Eve shook her head slowly. “I can’t make her out,” she said. “I’m as sure as anything that she recognized the handwriting on that paper but that’s absolutely all I am sure of. If Hamish thought he had pulled a coup, he jolly well must have been disappointed.”
“What?” I demanded. “You mean Hamish dropped that letter on purpose?”
“Why of course he did,” returned Eve. “He wanted Aunt Cal to see it; he thought he’d find out something.”
“But,” I protested indignantly, “didn’t we practically swear both him and Hattie May to secrecy before we showed it to them!”
“They agreed not to say anything. They didn’t agree not to drop things around apparently by accident.”
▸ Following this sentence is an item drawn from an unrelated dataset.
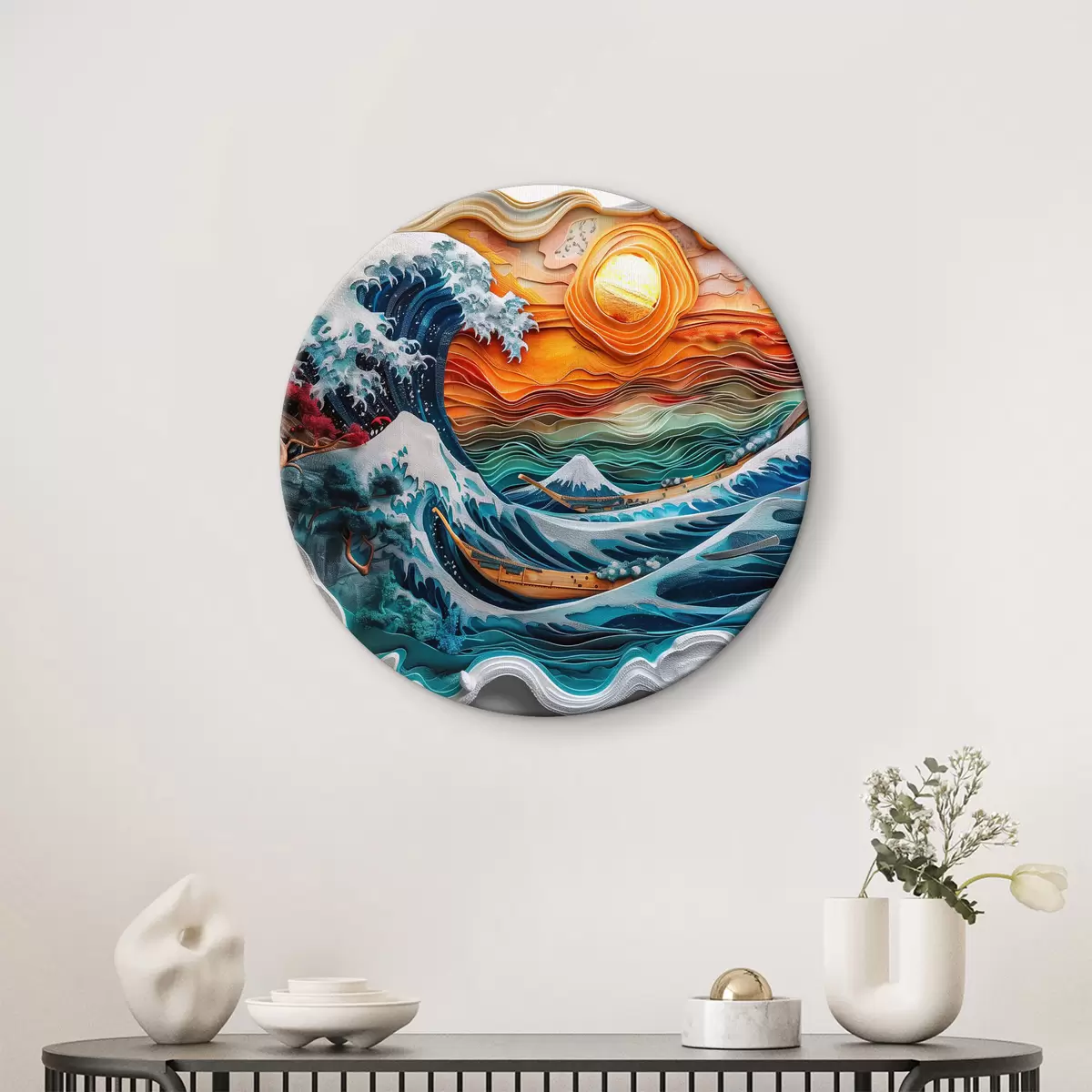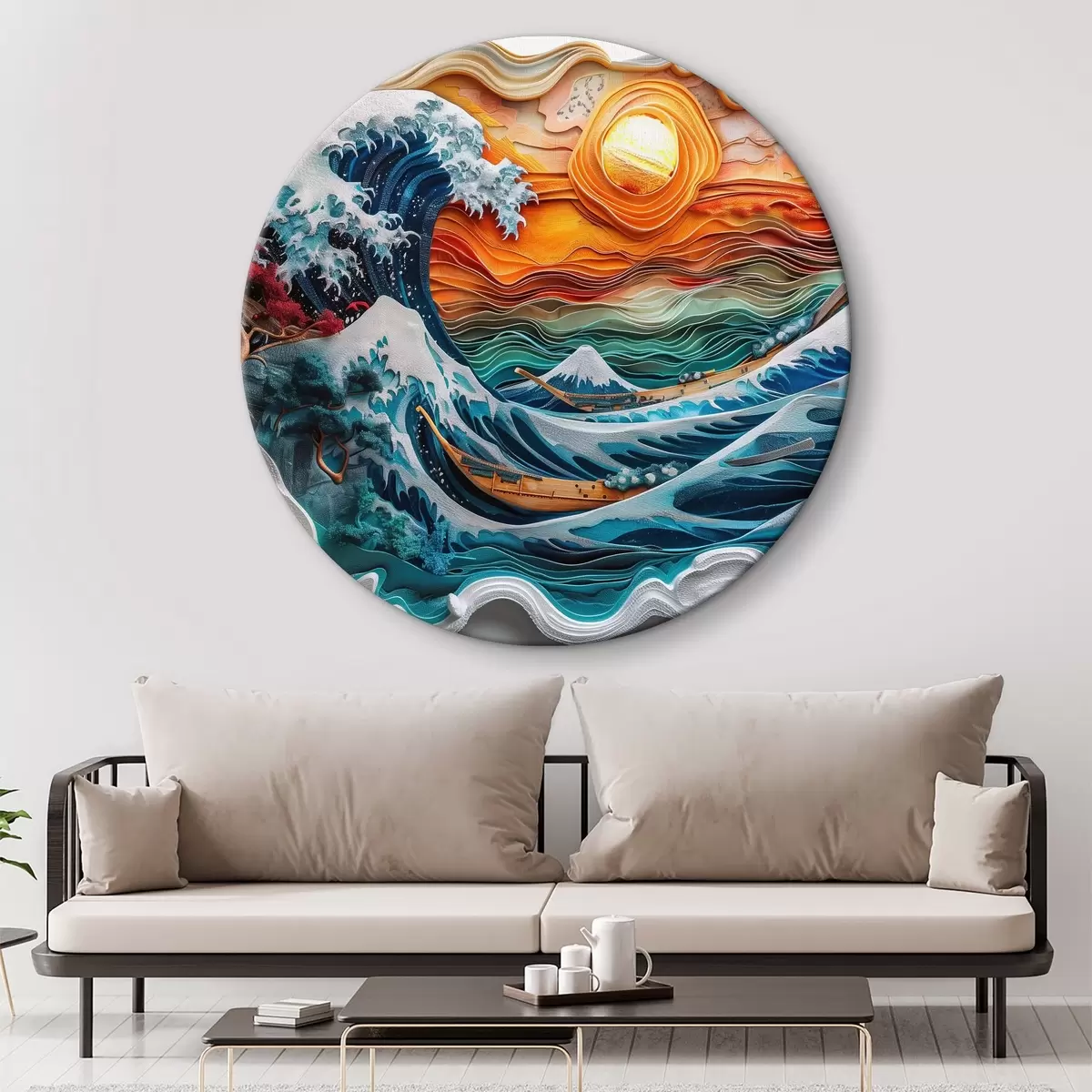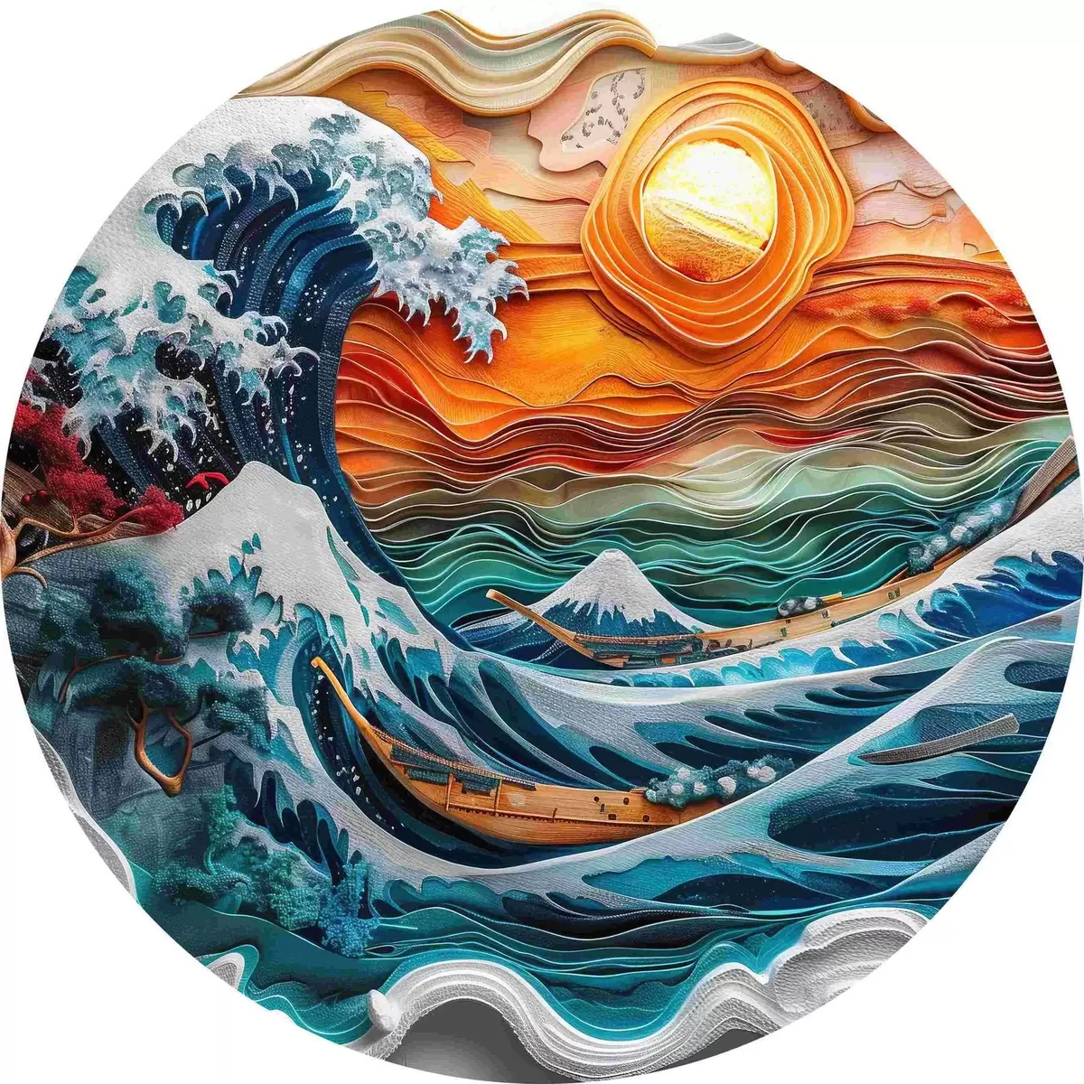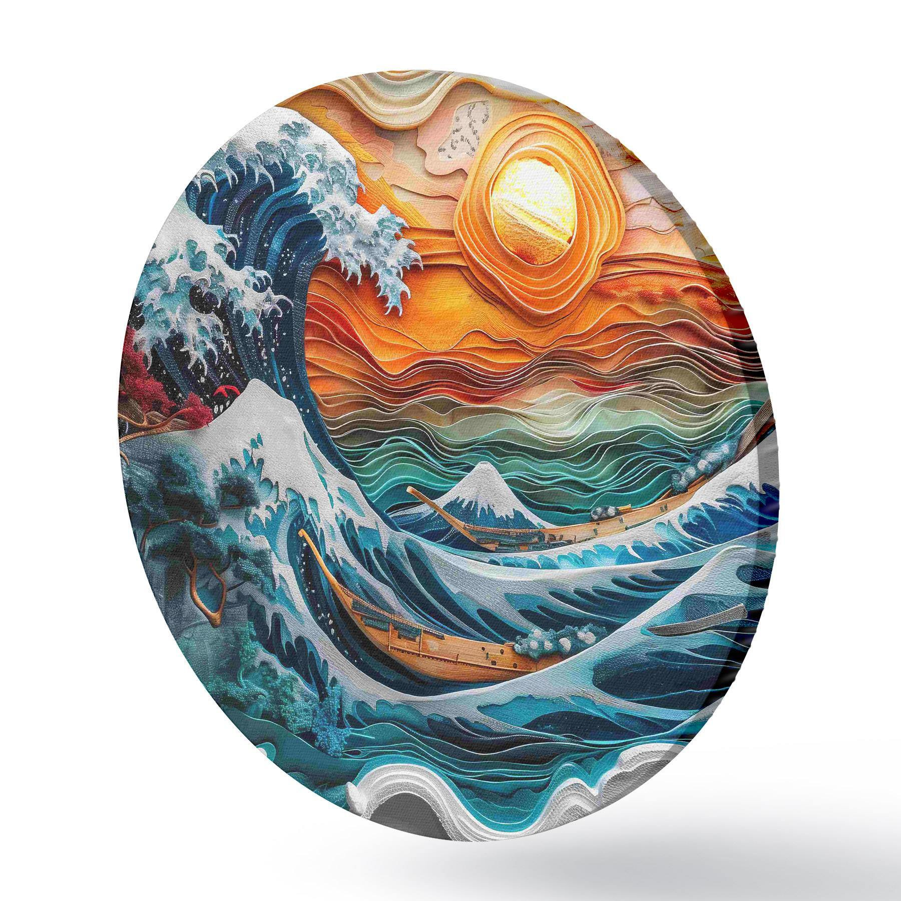 Quadri rotondi Imitazione di un bassorilievo: un oceano impetuoso con barche e sole r40976

“That Hamish!” I cried; “somebody ought to—to sit on him so hard—well hard enough to make him yell.”
“I warned you there’d be trouble,” said Eve, “just as soon as Hattie May put her nose into this business.”
I was just ready for bed when I found that I had left my wristwatch downstairs on the kitchen shelf. Slipping into my bathrobe, I was about to steal down after it when I was surprised to see a light coming from the front room below stairs. Had Aunt Cal gone down again, I wondered—or was this another evening visitor?